Although problems that arose during the studies were sometimes simply ignored, obvious breaches to procedure were noted on a sheet that the coder or experimenter filled out. One coder wrote “playing with shoes” next to the third and fourth trials on her sheet. Several experimenters wrote “fussy” to classify an entire experiment. But these data were not thrown out. The computer data output, sheets filled out by both experimenter and lead coder, and consent form were filed away together. Long after the experiment was run, when the data were analyzed, the researcher, who was often not present on the day of the experiment, decided whether the subject would be excluded because they were “distracted” or “fussy.”
Stacking the Deck
In written reports, psychological experiments have a coherent narrative structure. A hypothesis is developed. Subjects are exposed to the stimulus and their responses are coded. When a predetermined number of subjects have been run, their data are then analyzed, and conclusions are drawn.
However, in actual lab practice, the experimental process is fluid. Instead of waiting for data from a set number of subjects to draw any conclusions, infant researchers have an ongoing relationship with data that begins as soon as the first subject is run. After coding a child who had just been run on a new experiment, a graduate student came into the coding room and asked to see the data. When she saw the computer printout, she began to jump up and down, squealing with joy. After she left, I asked the other coder why she was so happy. The coder explained that it was the first subject run in her new experiment, and the infant had responded as she had hoped. Although her reaction was unusually expressive, it is indicative of the relationship that experimenters have with data, even at very early stages in the experimentation process.
This was not unique to graduate students. I saw an undergraduate assistant come into her professor’s office after video-coding an infant run in a new study. She told the professor that the effect was “12.4,” which meant that the infant looked at the experimental condition for 12.4 seconds longer than the control condition. The professor then smiled and told me that 12.4 was a “huge effect.” Before the undergraduate left, she told the professor that she had looked at the data from two other infants in that condition and both had shown similar effects.
Rather than waiting for the results from a set number of infants, experimenters began “eyeballing” the data as soon as babies were run and often began looking for statistical significance after just 5 or 10 subjects. During lab meetings and one-on-one discussions, experiments that were “in progress” and still collecting data were evaluated on the basis of these early results. When the preliminary data looked good, the test continued. When they showed ambiguous but significant results, the test usually continued. But when, after just a few subjects, no significance was found, the original protocol was abandoned and new variations were developed.

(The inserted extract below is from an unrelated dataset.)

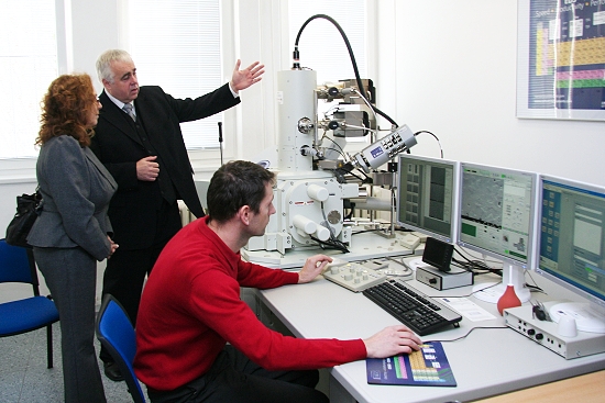 Ide o unikátny rastrovací elektrónový analytický mikroskop typu JEOL JSM 7600F vybavený EDS, WDS a EBSD analyzátormi. Prístroj predstavil Karol Iždinský z Ústavu materiálov a mechaniky strojov SAV. Konštatoval, že vo svojej kategórii je to špičkový prístroj s možnosťami využitia v oblasti skúmania tuhej fázy a širokého spektra materiálových vied. Inštalovaný mikroskop dosahuje rozlíšenie 1 nm pri 15 kV a 1,5 nm pri 1 kV, čo zodpovedá zväčšeniu až miliónkrát a disponuje maximálnym prúdom zväzku 200 nA pri 15 kV. Zobrazovacie možnosti mikroskopu sú budované na dvoch detektoroch sekundárnych a dvoch detektoroch spätne odrazených elektrónov. Mikroskop dokáže získavať obrazy so zvýraznením morfológie povrchu alebo chemického zloženia. Získané signály je možné miešať s cieľom ďalej zvýrazniť charakter hľadanej informácie. Analytické možnosti mikroskopu zahŕňajú energiovo (EDS) a vlnovo disperzívnu (WDS) spektroskopiu spolu s difrakciou spätne odrazených elektrónov (EBSD).

During one meeting, a psychologist was asking a postdoctoral researcher about his new experiment. It was not going well. The postdoc had run just three subjects and described the reactions of each in detail. One supported the hypothesis, one contradicted it, and one showed no preference for the experimental or control conditions. The professor responded, “Well, you can’t tell from just three babies,” but she gave him advice on how to alter the protocol slightly and instructed him to stop after 10 subjects if the study still was not working. In another meeting, the psychologist asked a new graduate student about a study. He told her he was reluctant to run statistics before all the data from all 16 subjects was in. She told him that if there was going to be an effect, it should be visible after 12 subjects, so he should run the statistics to find out.
Experimenters carefully attend to the computer printouts and run statistical tests long before they are finished collecting subjects. These serve as early signals that the experiment will be successful or a failure. Early signs of failure lead to adjustments so as not to waste time and resources. This makes sense from an economic standpoint. However, when a lab chooses to only complete the studies that show effects after a few subjects, they are essentially beginning each experiment with a head start. As the next section makes clear, however, this does not guarantee a successful study.
Experimental Failure Is Made into a Virtue
Papers in infant cognition often demonstrate some ability in a certain age group (e.g., 17-month-olds) and contrast it with failure from a younger age group (e.g., 14-month-olds). This can be used to demonstrate how knowledge develops in a particular domain. However, this need not be the order of actual research. In developmental psychology, failure often precedes success.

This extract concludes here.